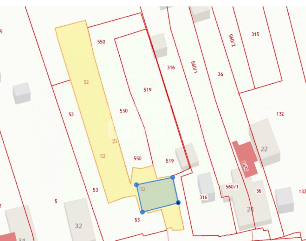 Участок 9.6 соток неправильной формы, но есть прямоугольник размером 14 метров на 11 метров для строительства дома.
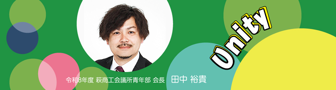 令和8年度萩商工会議所青年部第58代会長を務めさせていただく田中裕貴です。どうぞよろしくお願い申し上げます。
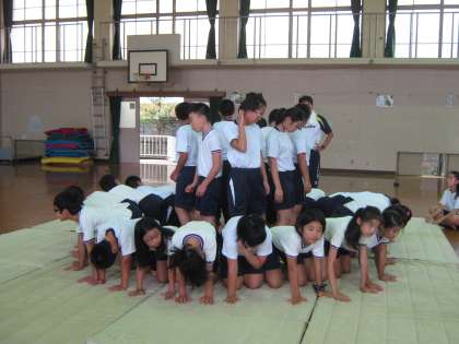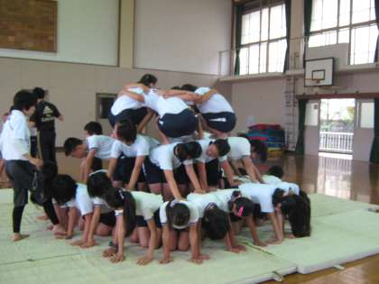 組体操の中での大技中の大技,タワーの練習が始まりました。全体で4段のタワーになる予定です。今日は,途中の3段までは順調にいきましたが,4段を積み上げようとしたところで,惜しくも成功とはなりませんでした。何度も練習してこそ成功の道が開かれる組体操です。

◆ Problem to solve
The whole listing above must be duplicated word for word, apart from its pictures.

◆ Reply to the task
 Участок 9.6 соток неправильной формы, но есть прямоугольник размером 14 метров на 11 метров для строительства дома.
 令和8年度萩商工会議所青年部第58代会長を務めさせていただく田中裕貴です。どうぞよろしくお願い申し上げます。
 組体操の中での大技中の大技,タワーの練習が始まりました。全体で4段のタワーになる予定です。今日は,途中の3段までは順調にいきましたが,4段を積み上げようとしたところで,惜しくも成功とはなりませんでした。何度も練習してこそ成功の道が開かれる組体操です。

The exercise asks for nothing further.